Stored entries
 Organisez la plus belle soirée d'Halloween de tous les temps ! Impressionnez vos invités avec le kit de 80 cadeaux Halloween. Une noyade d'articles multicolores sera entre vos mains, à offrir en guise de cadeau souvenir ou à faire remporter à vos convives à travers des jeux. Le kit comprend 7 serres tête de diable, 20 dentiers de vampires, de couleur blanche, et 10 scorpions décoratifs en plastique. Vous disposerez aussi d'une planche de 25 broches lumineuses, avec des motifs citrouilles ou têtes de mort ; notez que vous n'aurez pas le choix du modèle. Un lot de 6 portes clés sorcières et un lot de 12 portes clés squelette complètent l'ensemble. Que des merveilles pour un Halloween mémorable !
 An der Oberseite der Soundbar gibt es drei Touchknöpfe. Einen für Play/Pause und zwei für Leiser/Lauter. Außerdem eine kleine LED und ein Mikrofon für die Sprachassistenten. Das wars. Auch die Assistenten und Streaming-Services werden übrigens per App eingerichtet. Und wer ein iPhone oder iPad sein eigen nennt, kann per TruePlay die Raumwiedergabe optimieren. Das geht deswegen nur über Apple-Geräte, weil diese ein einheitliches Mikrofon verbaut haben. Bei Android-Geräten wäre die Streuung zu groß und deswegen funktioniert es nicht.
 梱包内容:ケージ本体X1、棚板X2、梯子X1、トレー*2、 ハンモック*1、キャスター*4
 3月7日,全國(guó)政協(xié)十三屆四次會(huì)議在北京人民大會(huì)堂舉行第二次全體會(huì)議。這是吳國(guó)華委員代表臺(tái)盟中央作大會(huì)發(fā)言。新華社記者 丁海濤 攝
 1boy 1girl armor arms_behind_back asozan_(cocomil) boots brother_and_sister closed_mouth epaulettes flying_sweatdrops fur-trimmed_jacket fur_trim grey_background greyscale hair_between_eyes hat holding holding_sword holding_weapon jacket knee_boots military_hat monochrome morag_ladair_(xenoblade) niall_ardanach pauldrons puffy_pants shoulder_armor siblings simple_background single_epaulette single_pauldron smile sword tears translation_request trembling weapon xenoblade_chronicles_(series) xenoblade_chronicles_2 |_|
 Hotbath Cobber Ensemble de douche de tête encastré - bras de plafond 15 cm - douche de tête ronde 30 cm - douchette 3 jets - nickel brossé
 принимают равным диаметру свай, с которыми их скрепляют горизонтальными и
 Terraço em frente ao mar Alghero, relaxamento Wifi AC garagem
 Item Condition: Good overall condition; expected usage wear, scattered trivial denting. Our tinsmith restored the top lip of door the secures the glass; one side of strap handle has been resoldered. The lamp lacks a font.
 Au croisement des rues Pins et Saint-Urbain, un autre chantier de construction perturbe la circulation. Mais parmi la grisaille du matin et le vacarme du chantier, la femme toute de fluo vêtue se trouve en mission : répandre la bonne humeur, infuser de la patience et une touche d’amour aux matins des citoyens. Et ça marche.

How to complete this task |
Starting at the line that contains "Hotbath Cobber Ensemble", retype every line through the end of the records exactly, and nothing else.

Written response |
 Hotbath Cobber Ensemble de douche de tête encastré - bras de plafond 15 cm - douche de tête ronde 30 cm - douchette 3 jets - nickel brossé
 принимают равным диаметру свай, с которыми их скрепляют горизонтальными и
 Terraço em frente ao mar Alghero, relaxamento Wifi AC garagem
 Item Condition: Good overall condition; expected usage wear, scattered trivial denting. Our tinsmith restored the top lip of door the secures the glass; one side of strap handle has been resoldered. The lamp lacks a font.
 Au croisement des rues Pins et Saint-Urbain, un autre chantier de construction perturbe la circulation. Mais parmi la grisaille du matin et le vacarme du chantier, la femme toute de fluo vêtue se trouve en mission : répandre la bonne humeur, infuser de la patience et une touche d’amour aux matins des citoyens. Et ça marche.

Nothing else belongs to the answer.